Georgiabio

Running in the Heat

Click here for the recent Run Tucson newsletter with advice on how to run in the heat.

Seven Tips for Summer Training

1) Heat can kill — so don’t push yourself. It’s OK to call it a day. Don’t try to keep up with others, don’t do “just one more.” Step away and run another day.

2) Dress appropriately. Wear light-colored, loose-fitting clothing. Wear sunscreen. Wear a hat and sunglasses. Bring water. For longer runs, be sure to have salty snacks and electrolytes available.

3) Modify workouts. Rather than fight the heat, use it as inspiration to try different activities such as swimming or running in the pool. Don’t have access to water? Ride a bike, or hit the gym for weights, elliptical, stairstepper, or the rowing machine.

4) Undertrain. All you need is 20-40 minutes of exercise to create a useful stress/adaptation response, so perhaps do a little bit less than you want to. Then do it again tomorrow.
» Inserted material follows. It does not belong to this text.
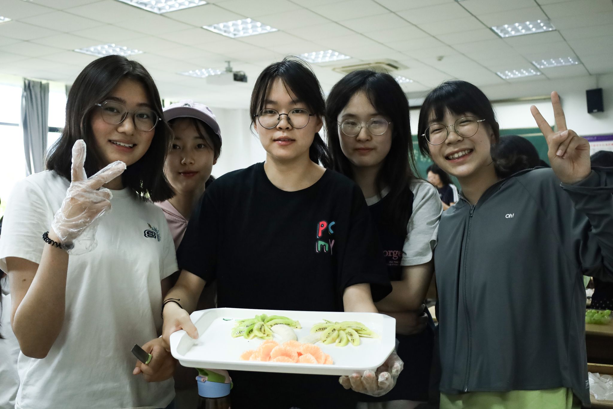 将橘子层层堆积,利用猕猴桃剪切出椰叶的形状,最后将西瓜“太阳”悬挂在椰树边,不同的元素组合成一幅和谐美丽的“海岛风光”一完成便吸引了众多学生的目光。“正值夏日,天气较为炎热,我们小队讨论后决定制作一个与夏日相符的水果拼盘设计。”英语(师范)专业2023(9)班的张心蕊表示,相较于传统的劳动教育实践,这次水果拼盘活动增加了许多趣味性,进一步调动学子积极性。

Continue to the end of time…

5) Don’t stress about pace. Performance degradation in heat is real, perhaps as much as 10% when the temps hitting triple digits. Slow down, don’t force yourself to run a certain pace.

6) If you must hit pace, go shorter. For example, if you’re training for a fall marathon or some other time-based goal, instead of doing 5 mile repeats at marathon pace, do 8-10 half-miles at marathon pace and get fluids in between bouts.

7) Wake up early. Get the run done before the rising sun, or at least before it’s high in the sky. (Or do the opposite: run in the evening or nighttime after the sun goes down — remember for night running, be safe and wear reflective clothing.)

In sum, don’t be afraid to shake things up this summer and embrace a training schedule that makes you safe and happy, not miserable.